Crystals with exposed selected crystallographic facets – a new approach to designing anodes for photo-fuel cells

Electricity is one of the most important innovations that science has given to humanity. Electricity is a very versatile and relatively easily controlled form of energy. In a fastly developing world, it is an inseparable element of industry and households. At the time of use basically it does not pollute the environment. However, problems appear at the production site. The demand for electricity is growing every year. Unfortunately, along with this, a significant increase in greenhouse gas emissions and increasing air pollution associated with production methods of electricity are observed. In Poland, electricity is mainly produced based on coal (ca. 80% of production). The solution to these problems is to develop energy production methods based on renewable sources and to reduce the consumption of fossil fuels. One of the promising methods for electricity generation are photocatalytic fuel cells. Photocatalytic fuel cells are devices producing electricity converting solar energy and chemical energy of fuels.
Nowadays, fuel cells based on hydrogen and oxygen are the most popular. The problem of these fuel cells is related to the hydrogen generation and the difficulties with its storage. Moreover, materials used in this type of cells are relatively expensive, which leads to high production and operating costs. In contrast to traditional fuel cells, photocatalytic fuel cells are quite cheap in production and require light energy to initiate and maintain electricity production. Photocatalytic fuel cells are considered as devices utilizing renewable energy sources for electricity production.

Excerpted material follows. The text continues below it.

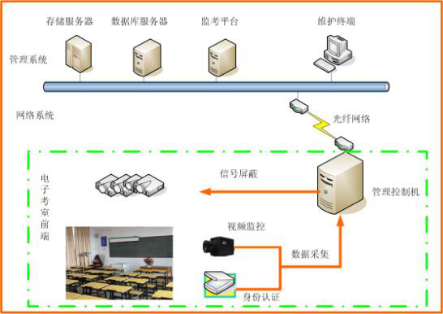 電子考場(chǎng)是利用電子信息技術(shù)、計算機技術(shù)、網(wǎng)絡(luò )技術(shù)對考試進(jìn)行輔助監管和考試人員身份識別的信息管理系統,將考場(chǎng)的信息傳送到監考中心存檔管理。電子考場(chǎng)前端采用攝像機、身份證識別機等設備進(jìn)行驗證和數據采集,通過(guò)網(wǎng)絡(luò )傳輸到后端監考管理中心,后端監考中心對不同的使用人員賦予不同的權限,對前端考場(chǎng)考生信息、考試情況、監考教師情況進(jìn)行檢查和監督。當考情發(fā)生異常情況時(shí),系統進(jìn)行報警,并抓拍當時(shí)圖片,進(jìn)行語(yǔ)音提示,對后續處理工作提供依據。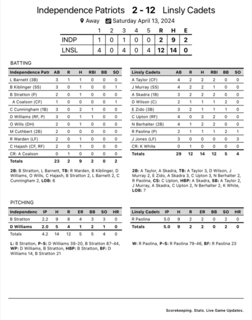 Linsly scored four runs in the first, third and fifth innings. Blake Stratton and Levi Barnett had doubles, while Cunningham and Williams each had one RBI.

The aim of the project is to study the efficiency of electricity generation using the semiconductor, titanium(IV) oxide, composed of crystals of well defined, tailored shape. The goal is to understand the influence of the exposed facets of TiO2 crystals on the photocurrents generation. Additional goals are to understand the mechanism of operation and to select the appropriate liquid fuel to ensure effective electricity generation under illumination. Understanding the influence of the shape of crystals on the efficiency of photocurrent generation and mechanism of action will allow to synthesize crystals with an optimal shape and will enable effective working conditions of the photocatalytic fuel cell based on titanium(IV) oxide as a photoanode. The positive results of the project may be a starting point for further optimization of the system and, in the future, for the commercialization of an efficient photocatalytic fuel cell.